A bookseller at Book People in Austin asks you to fill out a shelftalker about The Ramble Shamble Children. There is enough space for 270 characters.

Christina: Five children live, work, and play together in a ramble shamble house in the countryside. When they get the notion to turn their humble house into a “proper” home, nothing goes quite as smoothly as they imagined. This is a story about love, family, and what it means to have everything.

The perfect booktalk, Christina! 

Lauren, I always love hearing about your process and the materials you use to create your magnificent art. Please tell us about how you created the art combining ink drawings and Gelli monoprints in Adobe Photoshop. 
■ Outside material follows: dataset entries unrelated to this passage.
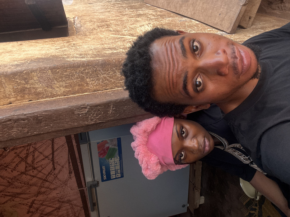 Two individuals, one male and one female, are captured in a close-up image within a weathered structural setting in Oturkpo, Nigeria
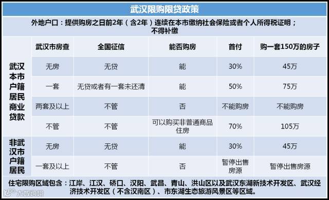 ①住房限购限贷范围:江岸、江汉、硚口、汉阳、武昌、青山、洪山区及东湖新技术开发区、武汉经济技术开发区(不含汉南区)、东湖风景区。
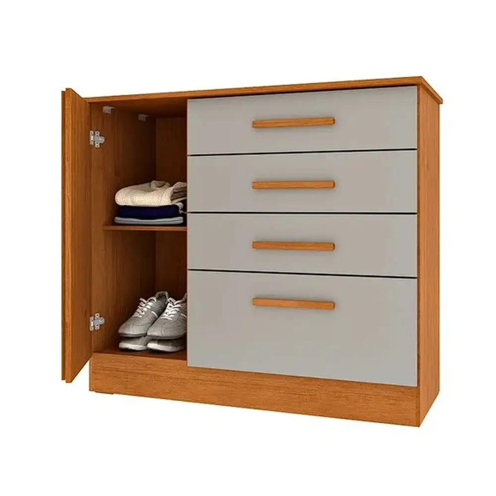 A cômoda conta com quatro gavetas espaçosas com corrediças telescópicas, garantindo um deslizar suave e seguro. Além disso, a porta com prateleira interna oferece um espaço extra para guardar itens maiores, como cobertores, edredons ou caixas organizadoras.
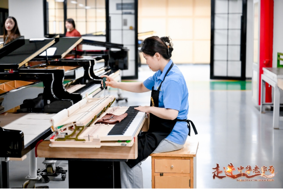 嘉宾们深入星海历史与技术展厅,近距离感受76年的匠心传承。从1949年新中国第一架钢琴的诞生,到见证重大历史时刻的15尺钢琴,再到享誉世界的精湛工艺,星海的历史画卷徐徐展开。新中国第一架钢琴复原模型、北京奥运会开幕式郎朗演奏的钢琴展品,无声诉说着星海对匠心的永恒守护与文化根脉的深情。步入大师工坊,嘉宾们实地观摩了钢琴生产线,见证了88道精密工序的严谨:数控音板加工中心的毫米级精度、技师手工调音的“金耳朵”绝活,无不彰显着工业化标准与工匠精神的完美融合。来自美国的声学物理学家James Abbott即兴在大师钢琴上弹奏一曲,悠扬婉转的旋律令全场沉醉。
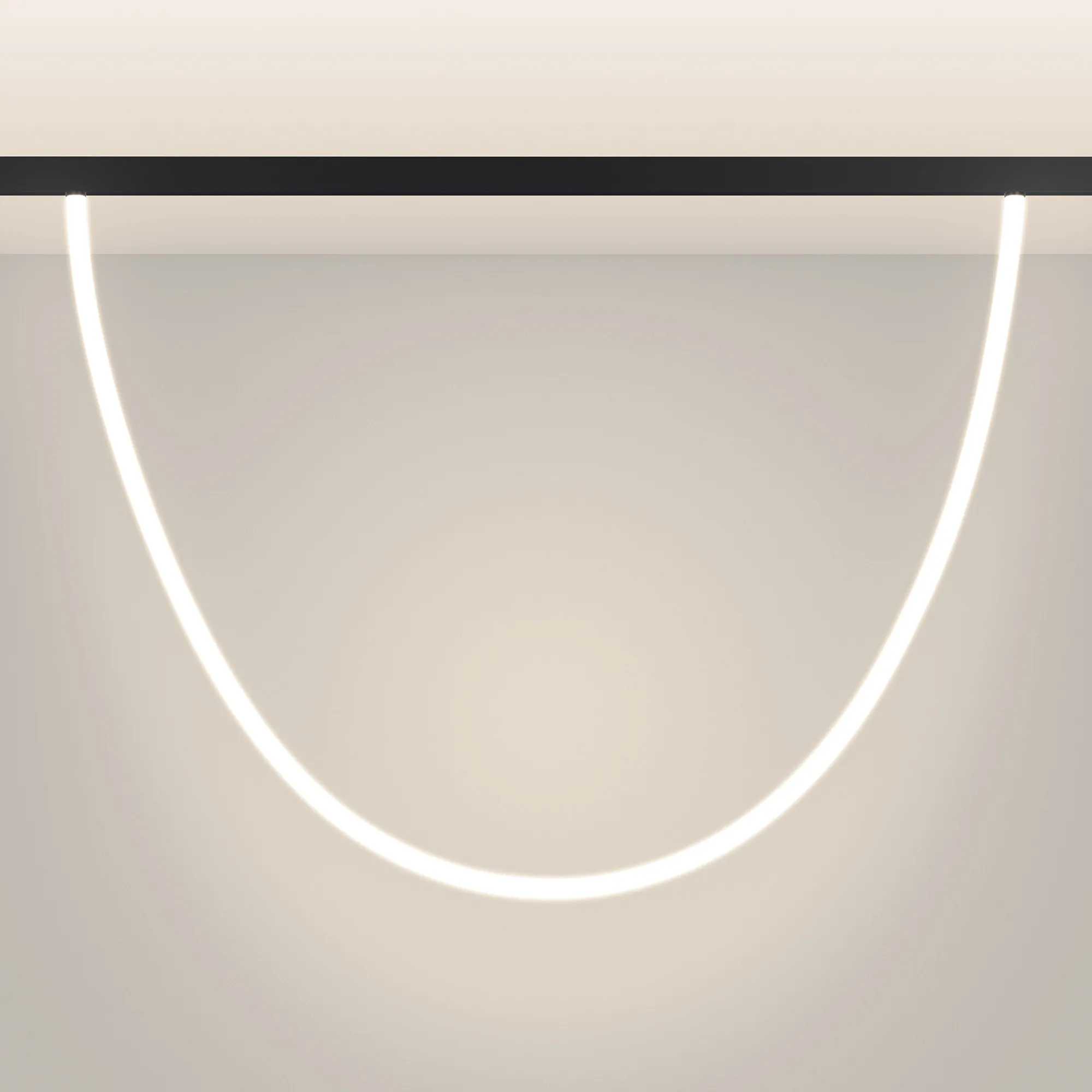 Светильник гибкий для магнитных треков серии ORIENT. Мощность 35 Вт, св. поток 2120 лм, 60 лм/Вт, теплый 3000 K, CRI>90, угол 360°, напряжение питания 48 В. Матовый белый фигурный корпус из силикона с черными креплениями. Размер: диаметр 25 мм, длина 2500 мм. Монтаж на магнитный трек ORIENT. Адаптеры в комплекте.
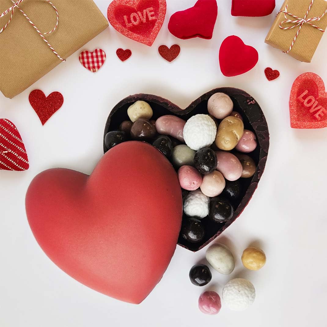 Chocolate couverture 66 cocoa - Cocoa paste - Cocoa butter - Sucrose - Glucose Trimoline - Almond - Hazelnut - Royaltine - Butter - UHT fresh cream - Milk powder - Emulsifier - Soy lecithin - Vanilla flavoringChocodic Master artisan chocolatier for 20 years. Handcrafted in our chocolatier in Vendée, La Roche-sur-Yon. Crystal bag packaging - Ready to give as a gift. Dimensions approximately 10x10x5cm - 170g. A lovely heart-shaped box ENTIRELY MADE OF CHOCOLATE: milk chocolate, dark and white chocolate fritters, chocolate-coated cereal balls, homemade chocolates. Couverture chocolat 66 de cacao - Pâte de cacao - Beurre de cacao - Saccharose - Glucose Trimoline - Amande - Noisette - Royaltine - Beurre - Crème fraîche UHT - Poudre de lait - Emulsifiant - Lécithine de soja - Arôme de vanilleChocodic Maître artisan chocolatier depuis 20 ans. Fabriqué de facon artisanale dans notre chocolatier en vendée à la Roche sur Yon. Emballage sachet cristal - Prêt à offrir. Dimensions environ 10x10x5cm - 170g. Un joli coffret ENTIEREMENT EN CHOCOLAT en forme de coeur : des fritures en chocolat lait noir blanc, des billes de céréales enrobées de chocolat, des chocolats maison.
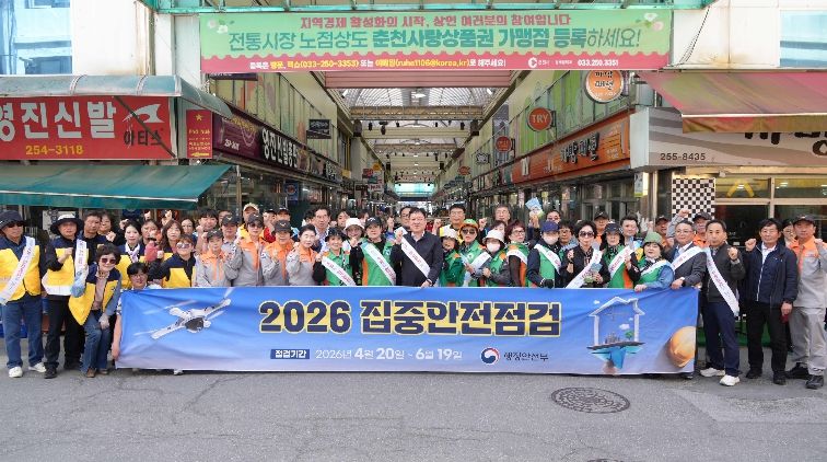 한방통신사 양호선기자 기자 | 춘천시와 춘천소방서, 한국전기안전공사, 강원도시가스 등 관계기관이 23일 중앙시장 일원에서 ‘2026년 집중안전점검 및 안전점검의 날’ 합동 캠페인을 실시했다.

Lauren Castillo: Because there is so much outdoor landscape in the book, I visualized very organic printed backgrounds. Gelli printing is a loose form of printmaking that I thought would suit my needs well. When you lay colors and shapes down on a Gelli plate you definitely get some unexpected and (most times) fun results. It feels very ramble shamble. :) I combined those loose backgrounds with more rendered drawings of the characters using Photoshop on my computer. When you layer art digitally, it can be nice because if you aren’t quite satisfied with one of the layers you have the opportunity to rework it without having to scrap the parts you love. 

Christina, please finish the following sentence starters: 

Lauren Castillo’s illustrations honor children and reassure them that they are the most important people in the world. And oh, they are so beautiful!

Picture books are the most vital books I read. They remind me what is important, who is important, and help my feel connected to my fellow humans more than any other type of book.

Lauren, please finish the following sentence starters: 

Christina Soontornvat’s manuscript for The Ramble Shamble Children is a sweet, silly, and magical sibling story. The fantastical qualities helped to push me out of my comfort zone, where I tried new things with color palette and printmaking that I might not have done otherwise.

Story is illustrating, is learning, is growing, is empowering, is. . .

Look for The Ramble Shamble Children on March 9, 2021. 

The delightful story of an unconventional family of kids who learn the ups and downs of working together.

Merra, Locky, Roozle, Finn, and little Jory love their ramble shamble house. It’s a lot of work taking care of the garden, the chickens, and themselves, but they all pitch in to make it easier–even Jory, who looks after the mud puddles. When they come across a picture of a “proper” house in a book, they start wondering if their own home is good enough. So they get to work “propering up” the garden, the chickens, and even the mud puddles. But the results aren’t exactly what they expected, and when their now-proper household’s youngest member goes missing, they realize that their ramble shamble home might be just right for their family, after all.